▶ WHAT IS REQUIRED
Pictures must be left out. Retype exactly the lines from the one containing "Lot 141: Set" through the last line of the records below.

▶ INFORMATION GIVEN
━━━

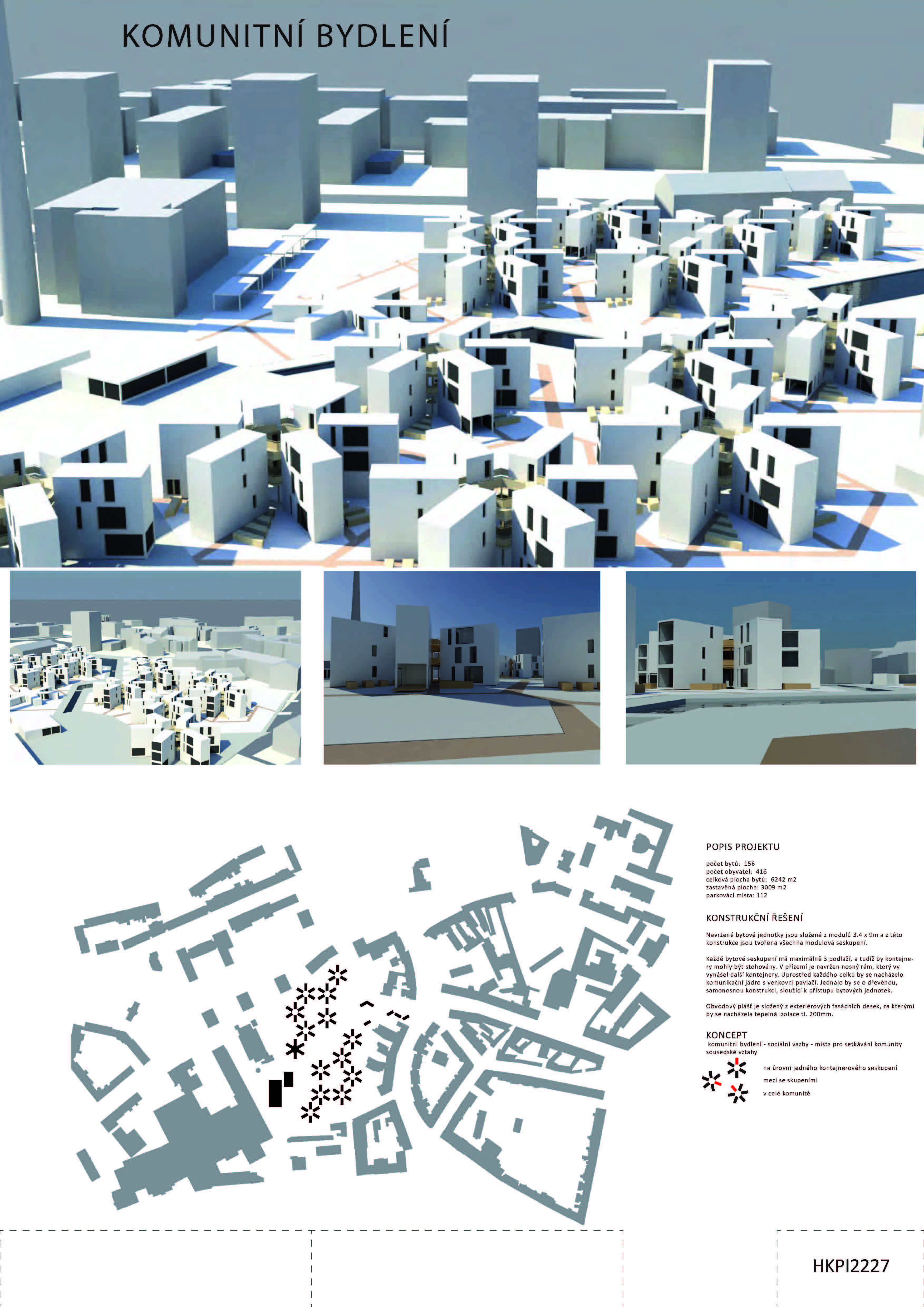 Navržené bytové jednotky jsou sl ožené z modulů 3.4 x 9m a z této konstrukce jsou tv ořena všechna modulová seskupení. Každé bytové seskupení má ma ximálně 3 podlaží, a tudíž by kontejnery mohly být stohovány. V příz emí je na vržen nosný rám, který vynášel další k ontejnery. Uprostřed každého celku by se nacházelo komunikační jádro s v enkovní pavlačí. Jednalo by se o dřevěnou, samonosnou konstrukci, sloužící k pří stupu bytových jednotek.
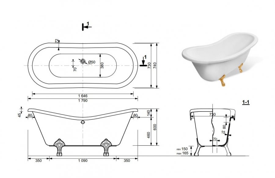 Ванна Эстет Бостон 180x74
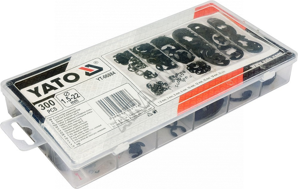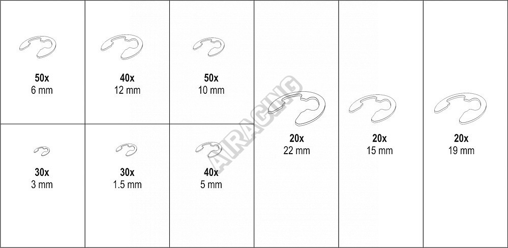 Sada 300 ks pojistných kroužků otevřených. Vše je přehledně uspořádáno v kompaktním plastovém kufřík
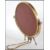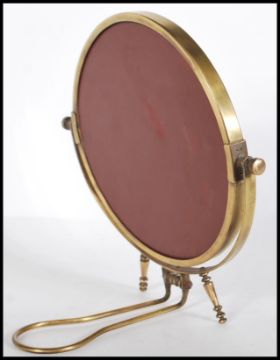 A 20th Century brass bevelled edge swing mirror of circular form raised on adjustable easel stand. Measures 23cm tall by 23cm wide.
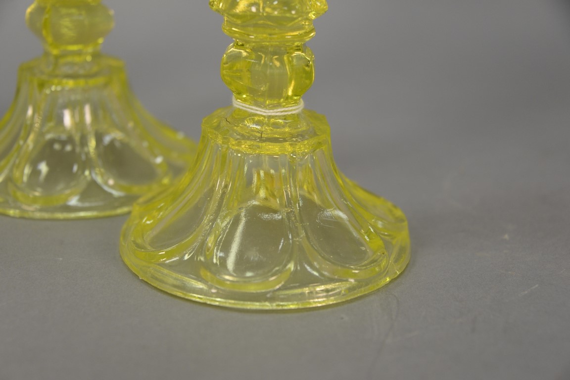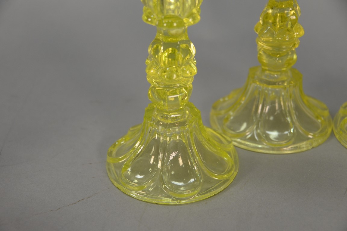 Lot 141: Set of four canary yellow sandwich glass candlesticks, 19th century. 7in. Provenance: Property from the Francis Du Pont Collection d…
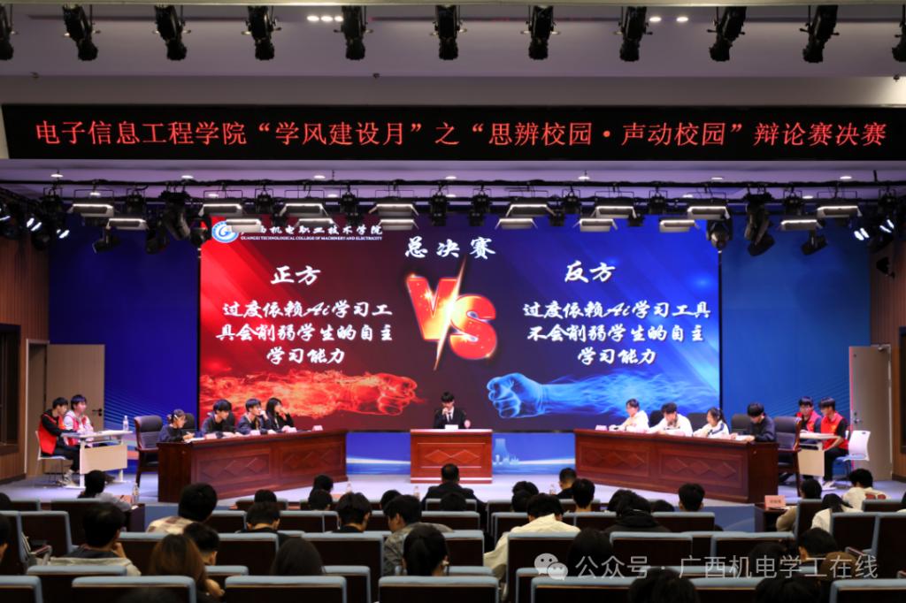 近日,电子信息工程学院“学风建设月”系列活动之“思辩校园・声动校园”辩论赛决赛在江南校区A1-301报告厅举行。经过初赛层层选拔的四支精英队伍齐聚赛场,以逻辑为刃、以语言为锋,展开智慧交锋,为全院师生呈现了一场兼具思想深度与表达张力的思辨盛宴,为学院学风建设注入鲜活动能。
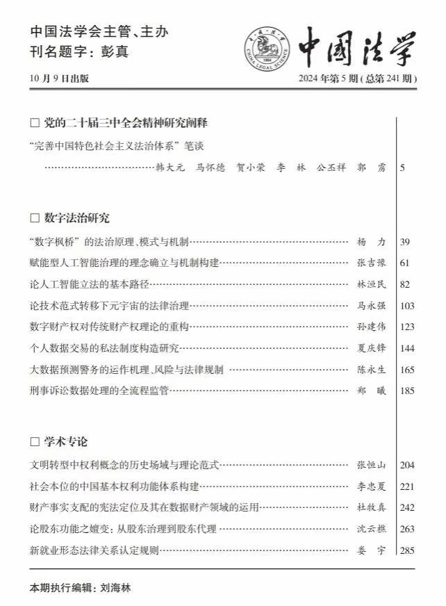 近期,艾弗森贝博ballbet官网郑曦教授的论文《刑事诉讼数据处理的全流程监管》发表于我国法学顶级学术刊物《中国法学》2024年第5期。

━━━

▶ RESULT
 Lot 141: Set of four canary yellow sandwich glass candlesticks, 19th century. 7in. Provenance: Property from the Francis Du Pont Collection d…
 近日,电子信息工程学院“学风建设月”系列活动之“思辩校园・声动校园”辩论赛决赛在江南校区A1-301报告厅举行。经过初赛层层选拔的四支精英队伍齐聚赛场,以逻辑为刃、以语言为锋,展开智慧交锋,为全院师生呈现了一场兼具思想深度与表达张力的思辨盛宴,为学院学风建设注入鲜活动能。
 近期,艾弗森贝博ballbet官网郑曦教授的论文《刑事诉讼数据处理的全流程监管》发表于我国法学顶级学术刊物《中国法学》2024年第5期。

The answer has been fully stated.